Мишель слушает внимательно. Внутри скручивается что-то черное. Эту проповедь отец Даниил читает уже не в первый раз, и она знает, что последует за этими словами.

– Те, кто им предался, ослабляет оборону свою и открывает свою душу Сатане. Те, кто не покаялся в них, станут для Сатаны верной добычей. А кто ныне вверит дьяволу душу свою, тот и тело ему свое предаст.

Знает, что будет дальше, и все равно не уходит. Словно надеется, что отец Даниил на этот раз передумает и расскажет все по-другому. Но он повторяет все слово в слово – для тех, кто раньше его еще не слышал.

– Чревоугодие балует плоть. Кто свое тело чрез меры кормит, тому кажется, что он только из мяса сам и сделан, а о душе он забывает. Но страшней чревоугодия блуд. Кто греховную свою сущность тешит, кто тело ублажает, тот предает душу страсти, а душа в сладости и в страсти – для дьявола открытая дверь. И дети, которых понесете во блуде, обещаны будут не Господу, а Сатане. Потому прошу вас презреть плоть и вместо нее душу свою лелеять.

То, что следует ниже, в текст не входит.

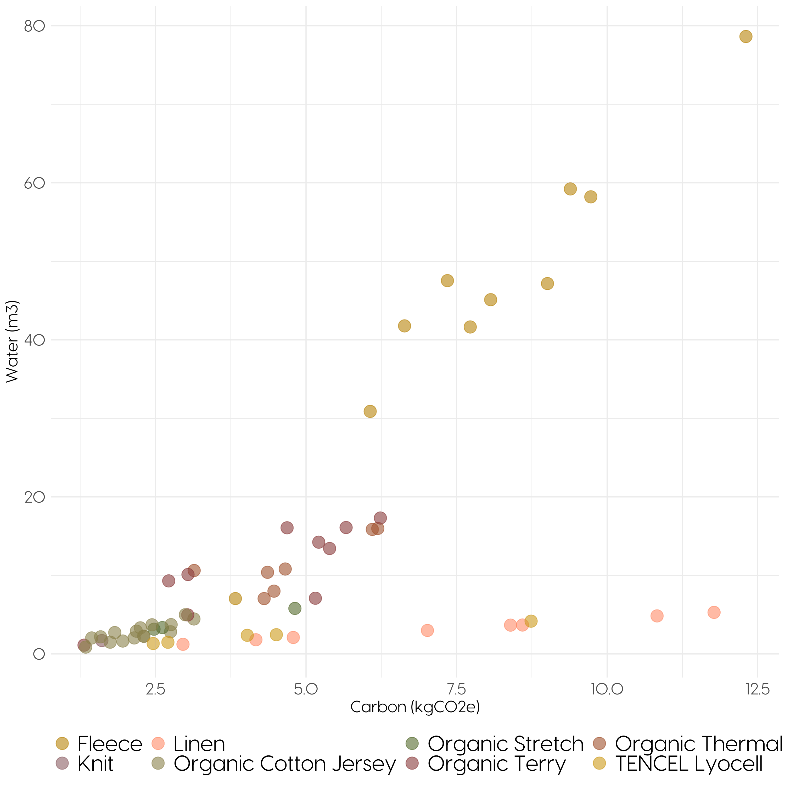 The following graph illustrates the carbon footprint (kgCO2e) and water impact (m3) of all MATE products color-coded by fabric. As you can see, a lot of the products made with the same fabrics have similar impacts.

Мишель кладет руку на живот. Рука холодная. Ей страшно. Она потихоньку озирается, слушает шепотки столпившегося старичья вокруг. Ей кажется, что все вокруг на нее смотрят искоса. Что все знают ее секрет. Ей хочется скорей сбежать, но нельзя, но она приказывает себе стоять и слушать дальше. Сейчас уйти будет слишком палевно, шепчет себе она.

– Сребролюбие тем плохо, что заставляет человека все для одного себя делать, а в прочих искать лишь корысть для себя, а не видеть равных себе. Любовь, любовь должна быть основой отношения людей, а не деньги. Деньги – расчеловечивают. Чем больше их скопишь, тем больше людей предал и тем больше предал Господа… Но страшнее сребролюбия – гнев.

Люди внимают, переспрашивают друг у друга, если не могут расслышать батюшку. Тот не останавливается, говорит и говорит, вещает через решетку и смотрит не вверх и не вниз, а вперед куда-то – как будто сквозь стену стоящего напротив здания, сквозь зашторенные окна Полканова кабинета – на бесконечно далекую Москву.

– Когда гневается человек, дьяволу себя вверяет. Ибо богоподобное существо, каким человек был создан, не должен испытывать ненависти к своим братьям, не должен желать им вреда и пуще всего прочего – смерти. Тот же, кто гневается, уподобляет себя дикому зверю, в порыве ярости могущему дойти до смертоубийства. И грешен вдвойне тот, кто мстит, ибо обрекает себя на горение в адском пламени.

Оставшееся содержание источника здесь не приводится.